Start of Block

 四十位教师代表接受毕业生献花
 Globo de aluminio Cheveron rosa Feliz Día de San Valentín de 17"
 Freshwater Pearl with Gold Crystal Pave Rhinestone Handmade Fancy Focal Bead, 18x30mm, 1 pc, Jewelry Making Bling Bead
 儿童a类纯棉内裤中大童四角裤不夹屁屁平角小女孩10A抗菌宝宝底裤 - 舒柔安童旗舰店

End of Block
Start of Block

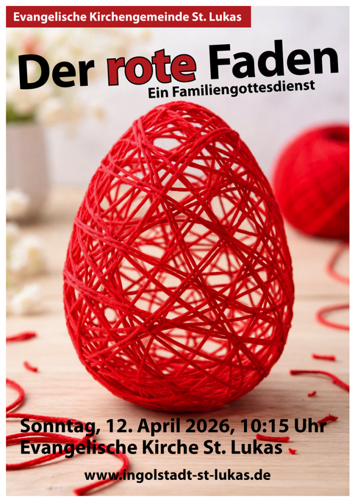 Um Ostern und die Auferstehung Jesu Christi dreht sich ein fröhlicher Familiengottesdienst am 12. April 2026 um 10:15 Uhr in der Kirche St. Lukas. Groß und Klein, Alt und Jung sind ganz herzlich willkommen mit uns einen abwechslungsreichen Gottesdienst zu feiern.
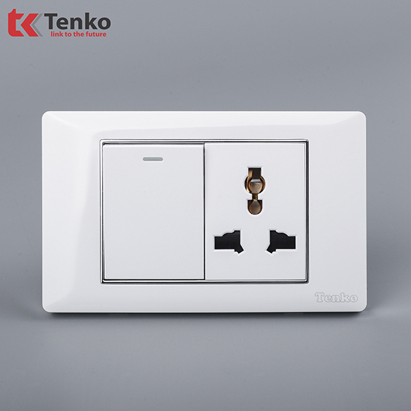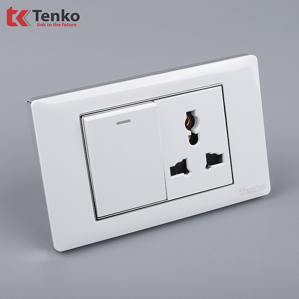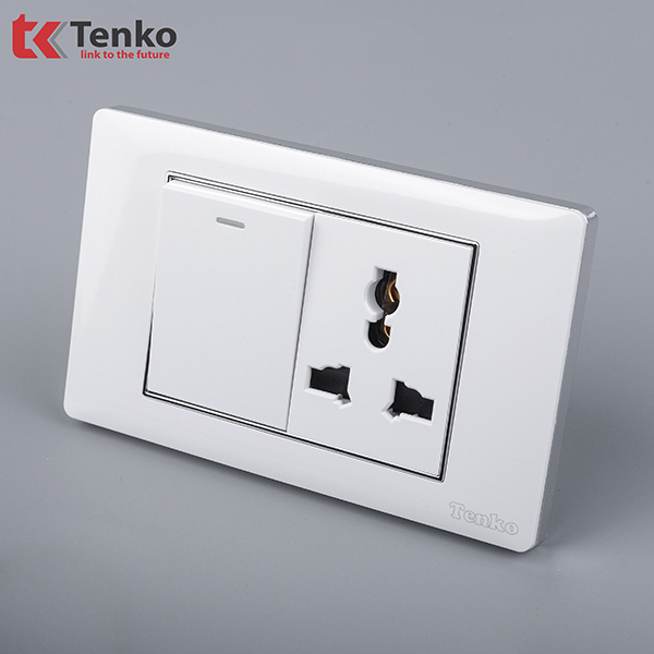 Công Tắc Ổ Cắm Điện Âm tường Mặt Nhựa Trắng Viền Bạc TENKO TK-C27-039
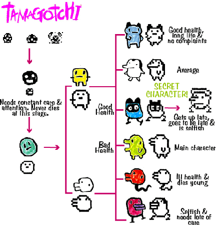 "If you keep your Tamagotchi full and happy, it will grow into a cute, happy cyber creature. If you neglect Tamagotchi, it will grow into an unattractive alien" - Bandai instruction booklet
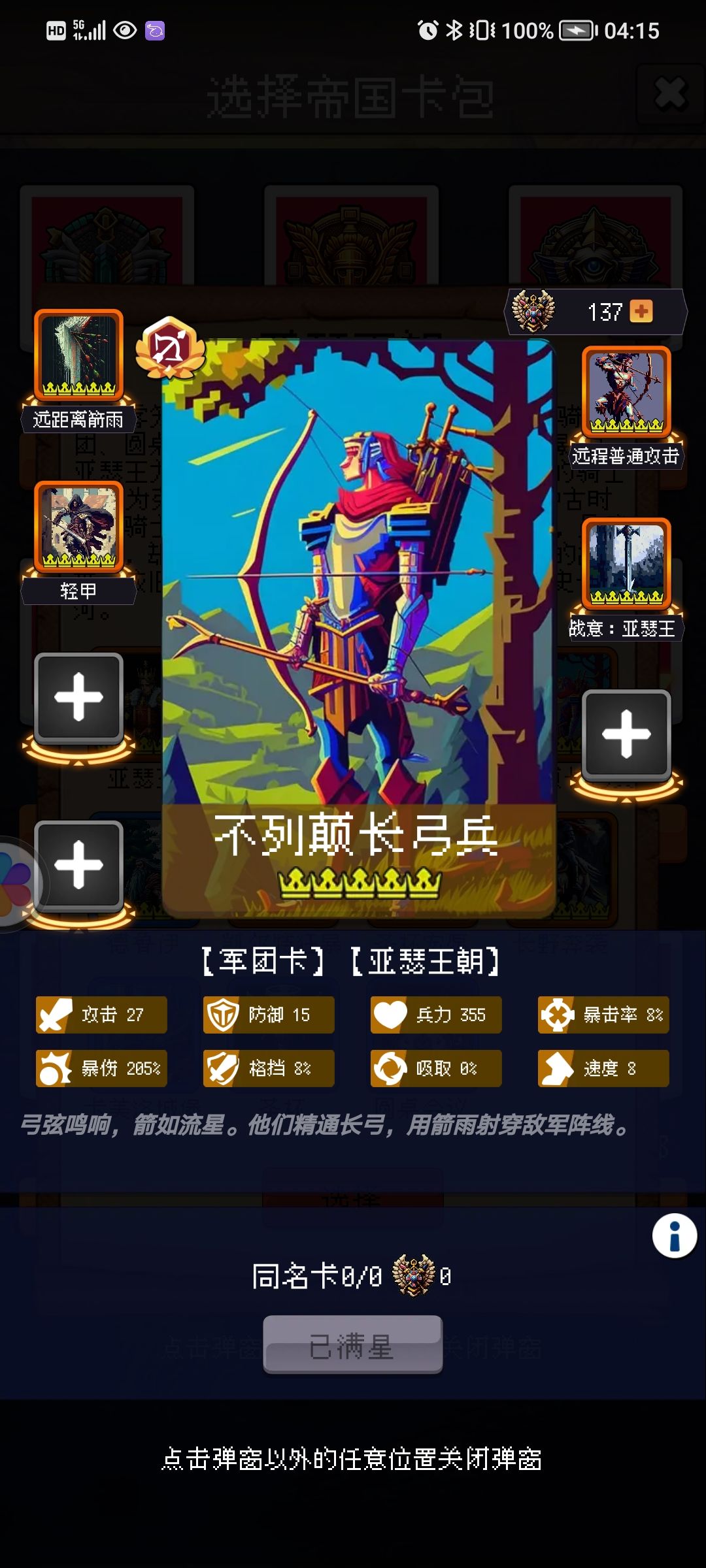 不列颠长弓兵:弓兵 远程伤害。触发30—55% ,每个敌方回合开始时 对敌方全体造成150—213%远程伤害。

End of Block

What the task requires
Retype the entries above exactly, but only from the line containing "Globo de aluminio" through the line containing "儿童a类纯棉内裤中大童四角裤不夹屁屁平角小女孩10A抗菌宝宝底裤 - 舒柔安童旗舰店", both included.

Response box
 Globo de aluminio Cheveron rosa Feliz Día de San Valentín de 17"
 Freshwater Pearl with Gold Crystal Pave Rhinestone Handmade Fancy Focal Bead, 18x30mm, 1 pc, Jewelry Making Bling Bead
 儿童a类纯棉内裤中大童四角裤不夹屁屁平角小女孩10A抗菌宝宝底裤 - 舒柔安童旗舰店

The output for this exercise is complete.